• Advanced Courses in Life Sciences

    Header of Evolution at Transmitting Science

Live Online Course – 3rd Edition

Modelling and Analysing Multivariate Trait Evolution using mvMORPH

May 15th-26th, 2023

Live sessions will be recorded

Course Modelling and Analysing Multivariate Traits Evolution on Phylogenetic Trees using mvMorph

Course overview & Programme

In this course, participants will be introduced to multivariate phylogenetic comparative methods with the mvMORPH R package.

The mvMORPH package contains tools for modelling the evolution of correlated continuous traits (e.g. morphometric measurement, geometric morphometric datasets, life history traits, gene expression data, etc.) on phylogenetic trees [with either fossil species, extant species or both] as well as statistical tools such as multivariate generalized least squares (GLS) linear models -e.g. multivariate regressionMANOVAMANCOVA – for studying comparative datasets.

During the course, participants will first be introduced to some theory with illustrative examples (both from simulated data as well as students’ own datasets) and will then learn how to interpret the models, their parameters, as well as how to assess their reliability.

We would like to encourage participants to bring along their own dataset with a matching phylogenetic tree (or sample of trees) to analyse between the live sessions and discuss with the instructor.

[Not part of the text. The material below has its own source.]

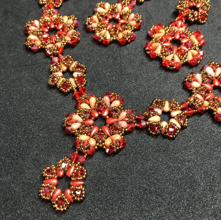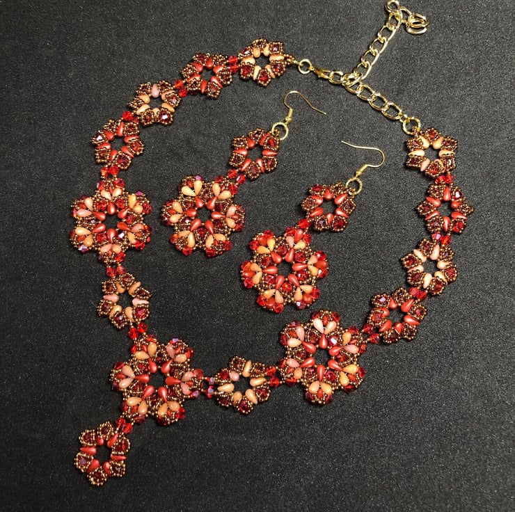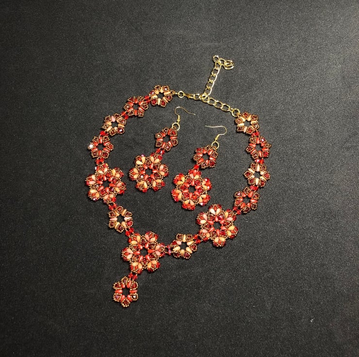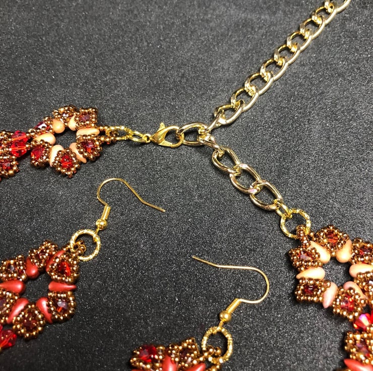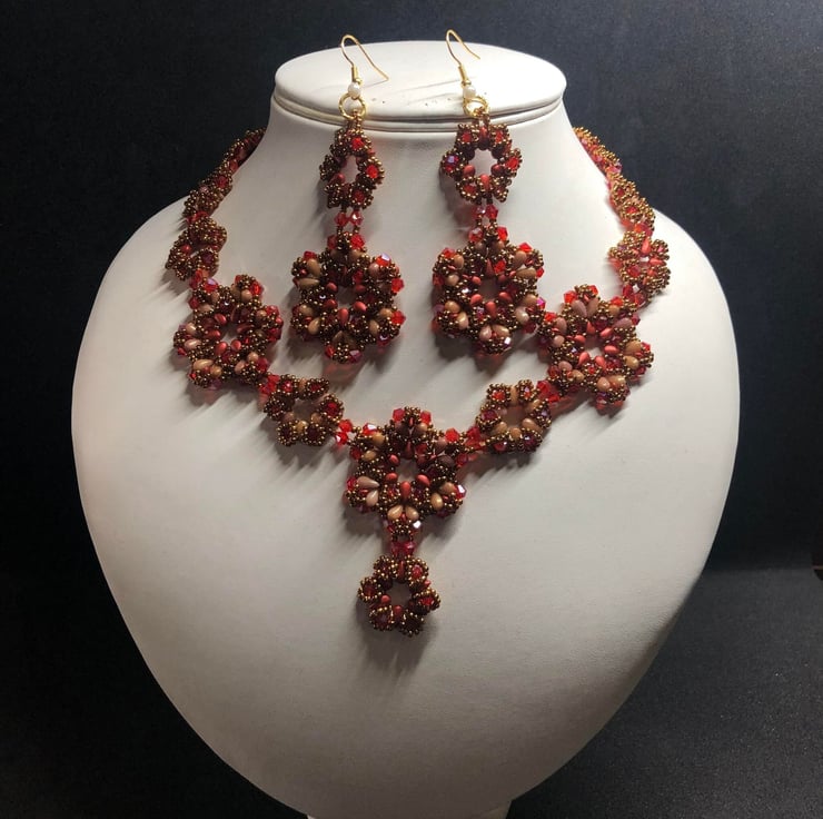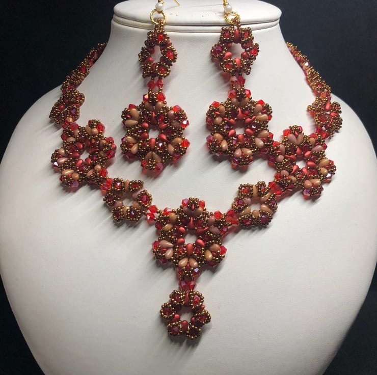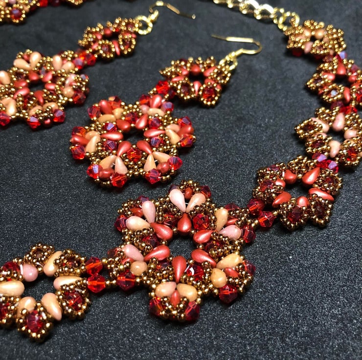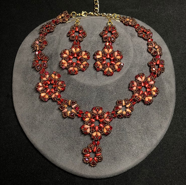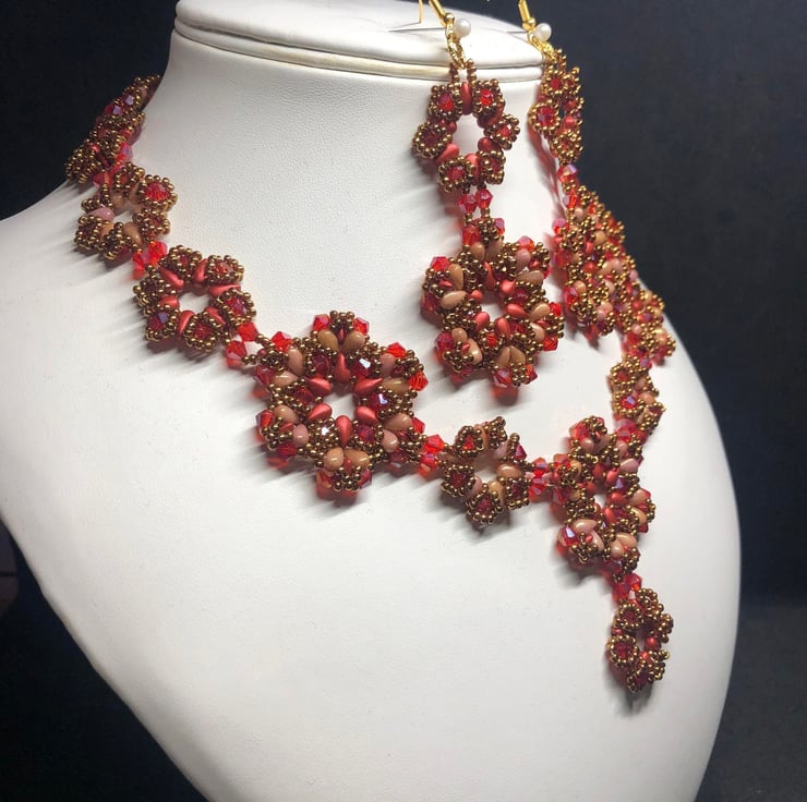 I used hundreds of bronze Miyuki glass seed beads, glass Dropduo beads and fabulous Aurora red crystals to build each component of this stunning set.

  • Introduction to phylogenies, trait evolution and the comparative methods
    • Short introduction on the modelling rationale and theoretical basis on trait (multivariate) evolution and models
    • Illustration with simulation examples in R (e.g. 3D plot of bivariate processes)
  • Modelling the evolution of traits on trees (simulations, model fit and comparison)
    • Review of some multivariate models (BM, OU, EB, Shift…), assumptions, and limits.
    • Step by step procedure for model comparison and interpretation of parameters using simulated and empirical datasets.
    • Hypothesis testing and constrained parameters estimation
  • Working with high-dimensional datasets
    • Introduction to the high-dimensional challenges (when the number of traits approach or is larger than the number of species such as in geometric morphometric and gene expression data) of comparative methods (e.g. comparison of likelihood, penalized likelihood, and alternative techniques)
    • Model fit on high-dimensional datasets (model comparison, estimation of parameters, reconstruction of evolutionary trajectories)
  • Fitting linear models (MANOVA, MANCOVA, multivariate regression) to comparative data
    • Introduction to phylogenetic linear models and multivariate counterparts, their assumptions, the various tests.
    • Linear hypothesis testing
    • Illustration on both empirical and simulated datasets
  • Using diagnostic plots, simulations, and Monte-Carlo techniques to assess the reliability of model fit and parameters
    • Introduction to bootstrap and parametric bootstrap techniques, estimation of uncertainties, assessing relative and absolute fit to the data.
  • Imputing missing values and estimating ancestral states
    • Introduction on how to estimate missing values and ancestral states; formatting the data, etc.
  • Inferring dependencies and causal links between traits evolving on trees
    • Introduction to inferring graphs of dependencies between evolving traits (e.g. partial correlations, graphical LASSO, etc.)
    • Using multivariate models to infer “causal” links (e.g, comparative study on sexual dimorphism)
  • Working on non-ultrametric trees (e.g., fossil data, virus strains)
    • Introduction on identifiability issues and the strength and weaknesses of working with non-ultrametric trees
    • Illustration with worked examples [and students’ datasets]
  • Transformations and data pre-treatments
    • Discussions on the use of pre-transformations (eg log-transformation) and data reduction techniques (PCA, phylogenetic PCA) in comparative datasets; measurement error and intraspecific variance.
  • (Digression) Modelling multivariate time series
    • Illustration on how to model multivariate traits on time-series rather than phylogenetic trees in mvMORPH (inferring trends, causal links, etc.)
  • Summary
    • Summary on the various techniques’ strengths and weaknesses, model assumptions, and alternative tools currently available on R with some worked examples.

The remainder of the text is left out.